Previn and Caird’s Brief Encounter

The chief classical music and opera critic for the Los Angeles Times often criticizes any new operas based on familiar films or classic novels, on the basis of artistic timidity and conservatism.

Think of the last three new operas which debuted at Los Angeles Opera — Il Postino, The Fly, and Grendel. Each was very different from the others, but at least for publicity purposes, much of the audience would have some familiarity with the material going in. In the end, all that should matter is the actual artistic quality of the resulting work (in the case of those three, in respective order: “qualified,” “abysmal,” and “interesting but flawed”).

Your reviewer does not know whether that critic reviewed the 2009 Houston Grand Opera premiere of André Previn and John Caird’s operatic adaptation of Brief Encounter, based on the well-known David Lean film. It would certainly have been an easy target, however. Here is a story of suppressed emotion, perfectly suited for the intimacy of close-ups and the relevant restraint of film acting. Somehow Previn and Caird convinced themselves this would good material for the field of opera — the core of which tends to be heightened emotion and dramatic but unsubtle effects. Perhaps just the mere renown of the film and its evocative title deluded the creators…

Helen Jesson and Alec Harvey, neither happily married, meet at a train station.

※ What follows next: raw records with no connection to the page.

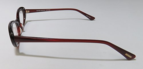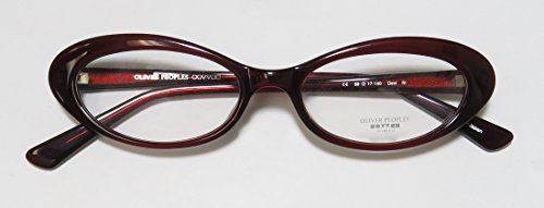 Brand: Oliver Peoples Style: Dexi Gender: womens Frame Type: full-rim Frame Material: plastic Case: eleganzo Size: 50-17-140 Color code: si Frame Color: burgundy Lens Color: demo lenses Lens Height: 27 mm The frame is fully rx-able and can be fitted with prescription and/or tinted lenses at most optical stores. Please note that factory demo lenses have a logo stamped on them in ink. This frame provides comfortable fit and flatters a variety of face shapes. These eyeglasses are crafted from high quality, durable premium acetate plastic. Please keep in mind that original case is not included with this frame. However, we will include an Eleganzo hard case at no extra charge to keep your eyeglasses protected. The glasses are made in Japan. These eyeglasses retail for $420.00 at upscale stores that carry designer frames. Save your money and get them here! The pictures cannot fully reflect the beauty of this piece of designer eyewear. These eyeglasses look even more elegant in real life. 0 |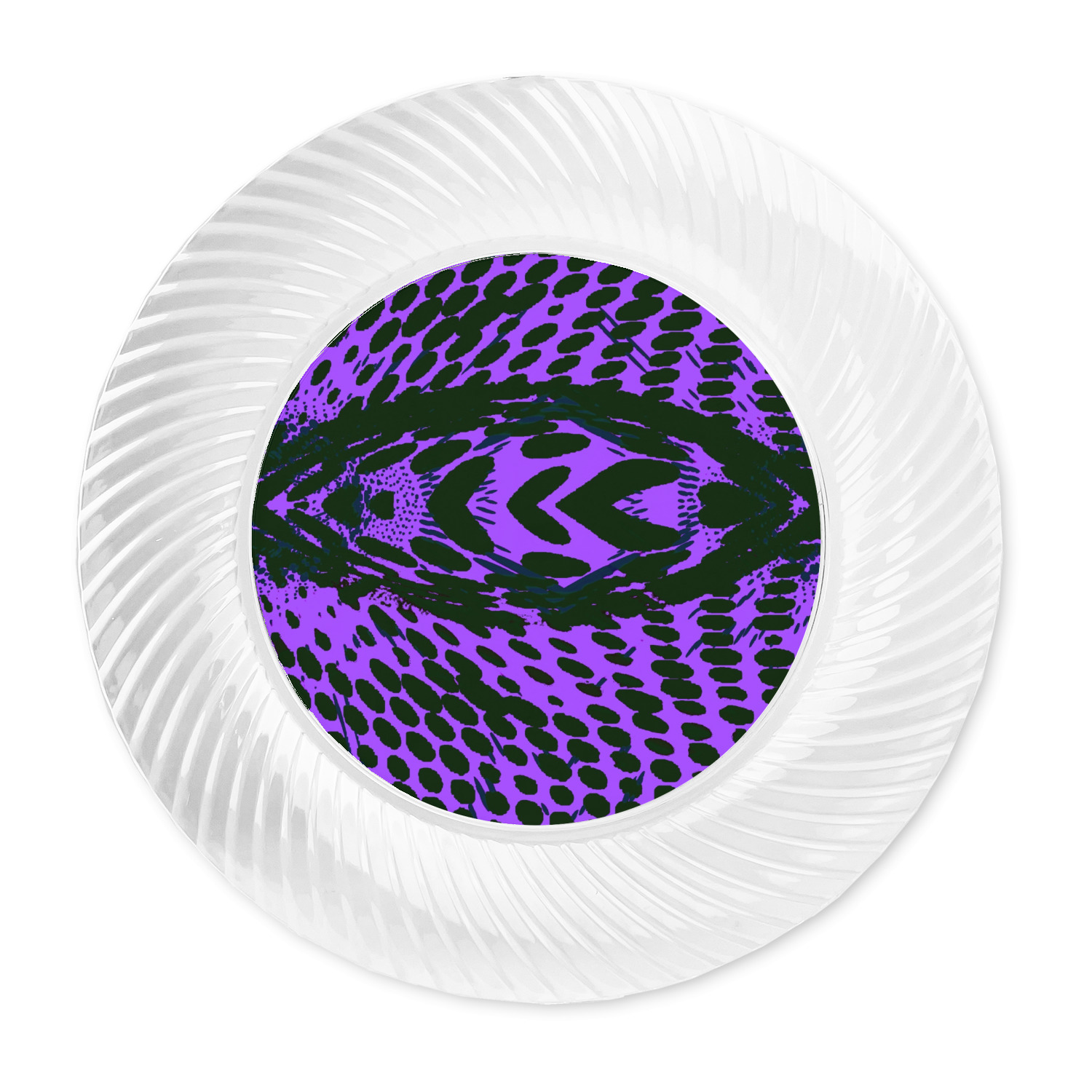 Made from a beautiful clear plastic plate as a base, your design is printed to the underside of the plate. The outside of these disposable plates has a classic swirl texture to it for a high quality look and feel.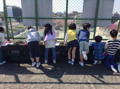 みなさんお早うございます。3年生に進級、社会科が始まりました。先ずは学校の周りの様子を観察します。南側には何が見えるかな?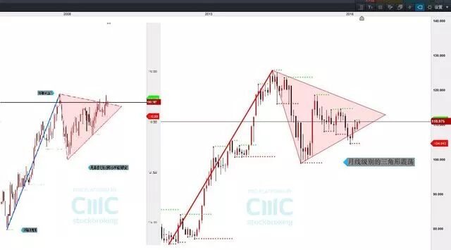 右侧为日元2011年以来月线图,技术上上非常清晰的三角形收敛,当前日元汇价处于收敛的边缘阶段;将此周期缩小至日线,会发现,日元对比18年3月底至5月底至今也是一个清晰的三角形收敛震荡。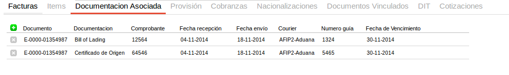 Solapa Documentación Asociada: Trae las facturas asociadas y puedo adjuntar otro tipo de documentación relacionada con la factura por ej. Certificados de Origen, Formulario A, B/L,SENASA, etc.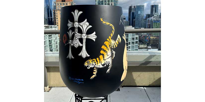 Cecilia Heit, the up and coming artist, first came to our attention when we saw her painting entitled, The Canucks LP. “It was a collaborative effort born during a visit to a record store with my father,” Heit tells us when we visited her studio, “and he suggested a unique concept incorporating the Canucks logo onto a record and transforming the record player’s needle arm into a hockey stick.” The end result: a finished piece that is so distinctive that even the print shop staff adopted the name The Canucks LP, when providing updates via email and voicemail (and take note, Canuck fans, the painting is for sale). Originally from Edmonton, Heit is a self-taught artist whose passion for art ignited at the age of 13 when she began experimenting with makeup and nail polish. “From there, it continued as friends sought my creative skills to make them something,” she says, “ which gave me the unique opportunity to pursue my passion while bringing others’ visions to life.” Judging by the various pieces she showed us, Heit is confident in experimenting with various styles and mediums, and although her finished work prominently features oil and acrylic paintings, she is also skillful in sculpting and watercolour. That diversity shows in two other works we viewed: Grandpa’s Cabin, her first oil painting, depicting a Shuswaps cabin that has deep connections to her family history; and Planting a Seed, a large, customized, plant pot.“ After seeing my work at a mutual friend’s house, a client arranged for a tree and pot to be delivered to my studio,” Heit tells us, “and from a range of options including the client’s favorite music festival, travel, watches, and a nod to his work ethic, I chose the most visually compelling elements to create this personalized piece.” More at cecmadeit.com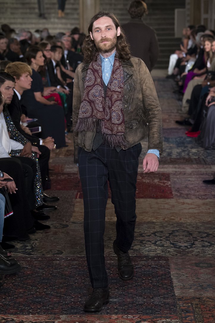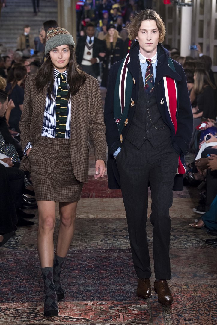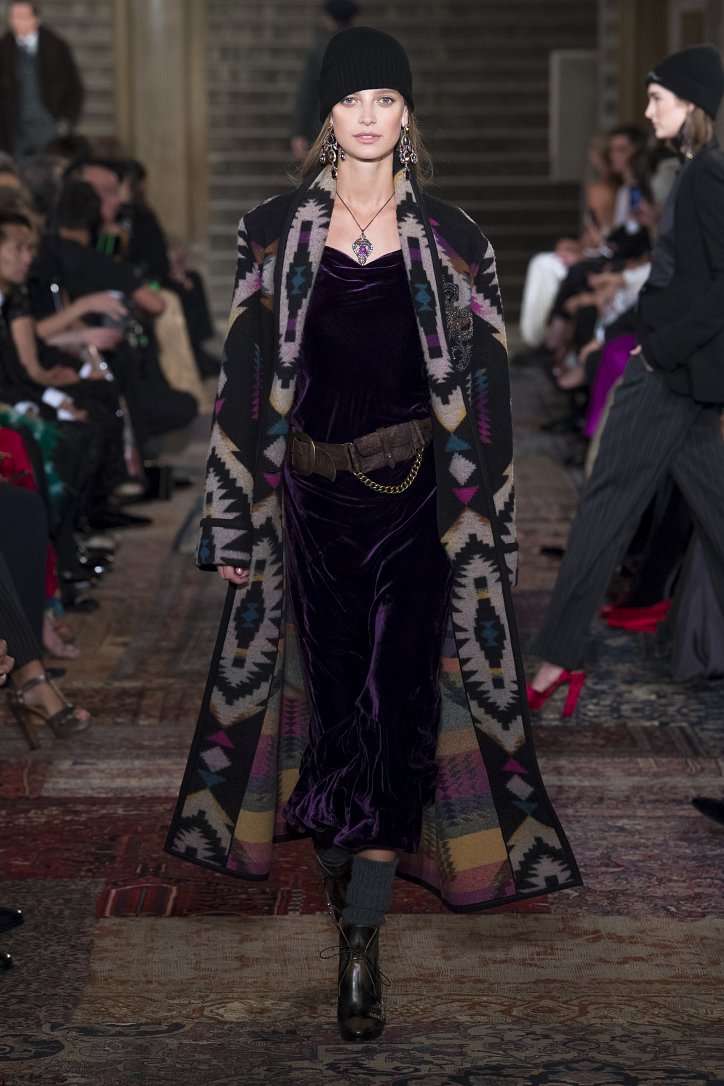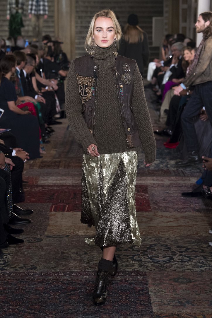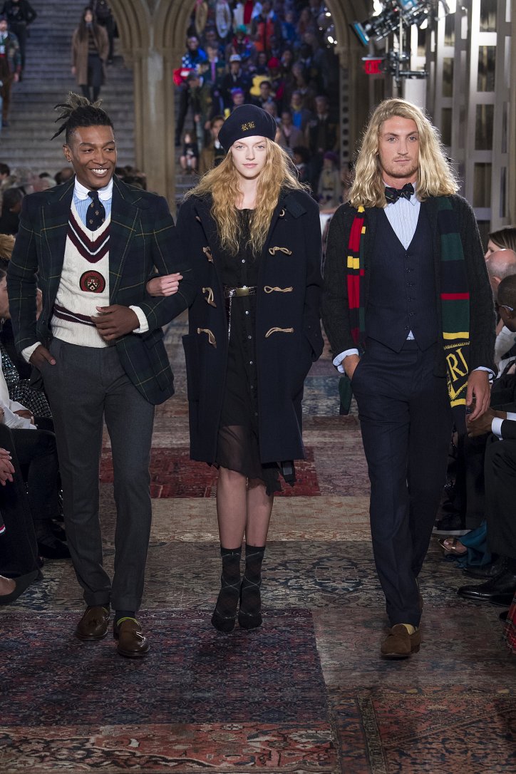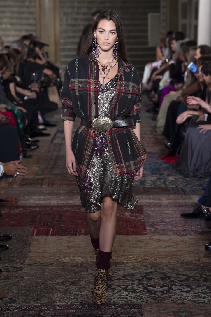 Пестрые кардиганы в стиле индейских накидок, клетчатые рубашки, деним и грубые вязаные свитеры, пэчворк и замша – тема Дикого Запада звучала особенно ярко на юбилейном показе. А показ линейки Polo Ralph Lauren получился по-настоящему семейным: модели выходили парами вместе с детьми.

They quickly feel a strong emotional attraction, and though Mrs. Jesson is nagged by guilt, she finds herself on the threshold of commencing an affair with Harvey, until he himself decides to make their mutual temptation impossible to pursue, by moving out of the country.

The lack of narrative incident and the mostly interior emotional conflicts make this one of those libretti where the singers are always announcing to the audience what they feel:

LAURA: I’ve been such a fool/I’ve been such a fool/I’ve fallen in love


ALEC: All my Thursdays are the same/Dreaming, yearning, planning, fearing/Praying for Laura to be here

The rest of the opera, in keeping with the original story, is a morass of the mundane, with talk of tea and weather and huge helpings of cliché (“time and tide will tell”). The exaggerated British accents of some of the singers of the smaller roles prove grating as well. A little of this goes a long way, and it should be pointed out that almost 30 minutes pass in act one before the would-be lovers have their first conversation alone. Previn scores these prosaic sections of the opera with his more pointed, acerbic modernistic style. The lyrical outbursts, when they come, are welcome as respite from the arid recitatives. Unfortunately, the most potent of Previn’s themes bears a very strong resemblance to the opening notes of Leonard Bernstein’s music for “Make our garden grow” from Candide. One can only imagine that with as esteemed a figure as André Previn, no one dared point this out to him.

In the lead roles, Nathan Gunn makes the best effect, his manicured, smooth approach perfect for the role. Elizabeth Futral as Helen is asked to sing at the top of her range far too much. Her final scene, therefore, is her most affecting, as Previn finally allows her to slip down into lower territory. Kim Josephson, in the thankless role of the husband for whom Helen forsakes true love, earns a fairly good solo in the last act.

Perhaps a video of this production would have produced evidence that Previn and Caird’s adaptation made a stronger impact seen staged. A better bet would be that any video would only call to mind comparisons with the classic film, which would be not in favor of the opera.